The study found that Tumor Necrosis Factor Receptor Superfamily Member 9 (TNFRSF9) was negatively associated with Parkinson’s disease (p=0.0005, OR=0.8190). However, no significant causal relationship was found between peripheral immune cell count traits and Parkinson’s disease.

c) Causal Relationship Between Plasma Metabolites and Parkinson’s Disease

The study identified 12 causal relationships between plasma metabolites and Parkinson’s disease. Among them, tryptophan (p=0.0025, OR=0.8256) was negatively associated with Parkinson’s disease, suggesting that reduced tryptophan levels may increase the risk of Parkinson’s disease. Additionally, mannose (p=0.0078, OR=1.1543) and cholesterol (p=0.0356, OR=1.1678) were positively associated with Parkinson’s disease.

d) Mediation Analysis

Mediation analysis revealed that the Demequina genus influenced Parkinson’s disease by reducing tryptophan levels, with a mediation proportion of 17.51% (p=0.0393). This indicates that the Demequina genus may promote the occurrence of Parkinson’s disease by decreasing tryptophan levels.

3. Conclusions and Significance

This study, through Mendelian Randomization methods, systematically evaluated for the first time the causal relationships between gut microbiota, inflammatory cytokines, peripheral immune cells, plasma metabolites, and Parkinson’s disease.
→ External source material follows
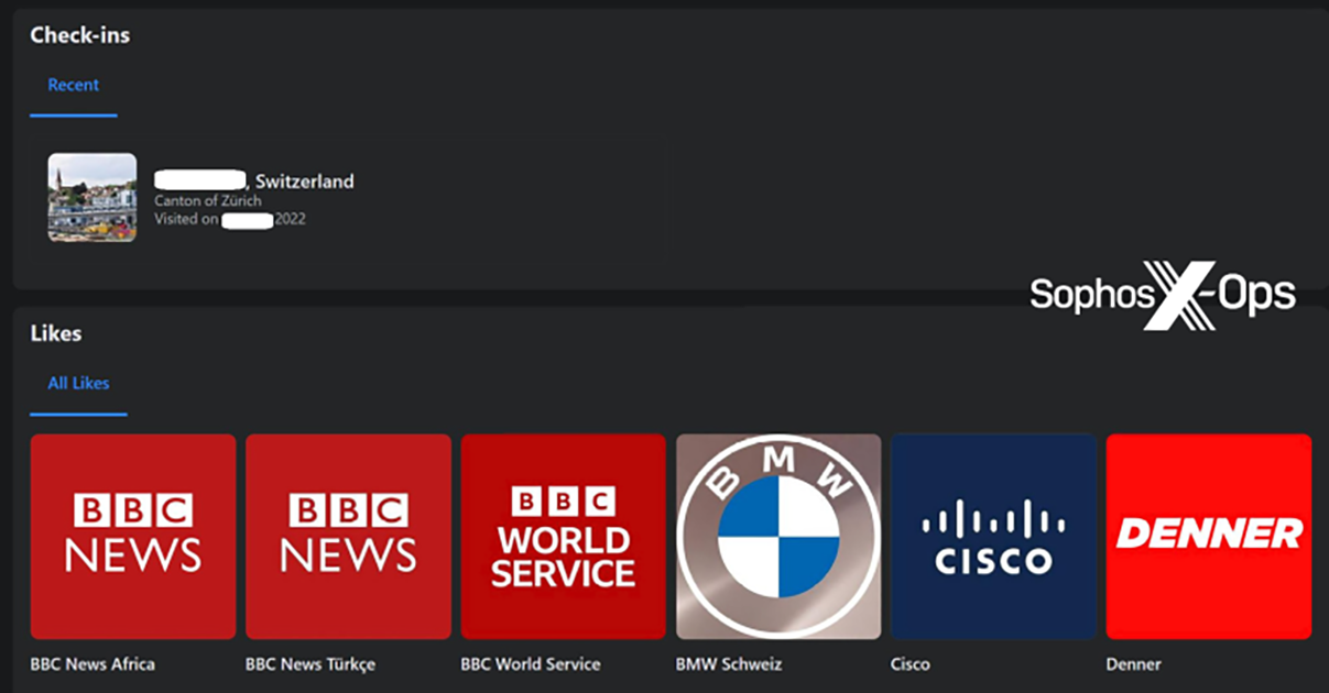 Pour maintenir l’illusion d’être de Londres, les cybercriminels se cachant derrière le profil ont publié des événements de BBC News, tels que les funérailles de la reine Elizabeth II, sur la chronologie Facebook du personnage en question. Le personnage a également “liké” et suivi des organisations qui ont manifesté leur intérêt pour la BBC et des entreprises occidentales bien connues.

The study identified significant causal relationships between 19 gut microbiota traits, 1 inflammatory cytokine, and 12 plasma metabolites with Parkinson’s disease. Notably, the Demequina genus mediated its effect on Parkinson’s disease by reducing tryptophan levels, providing new insights into the pathogenesis of Parkinson’s disease.

4. Research Highlights

  • Innovative Methodology: This study is the first to employ a two-step Mendelian Randomization approach, combined with large-scale GWAS data, to systematically analyze the causal relationships and potential mechanisms between gut microbiota and Parkinson’s disease.
  • Key Findings: The study found that the Demequina genus influences Parkinson’s disease risk through tryptophan metabolism, offering new directions for early diagnosis and prevention of Parkinson’s disease.
  • Broad Applicability: This research not only provides new perspectives for the study of Parkinson’s disease etiology but also offers methodological references for research on other neurodegenerative diseases.

Summary

The findings of this study provide important scientific evidence for understanding the etiology of Parkinson’s disease, particularly the mechanisms by which gut microbiota influences Parkinson’s disease risk through metabolic pathways. Future research can further validate these findings and explore intervention strategies based on gut microbiota, offering new approaches for the prevention and treatment of Parkinson’s disease.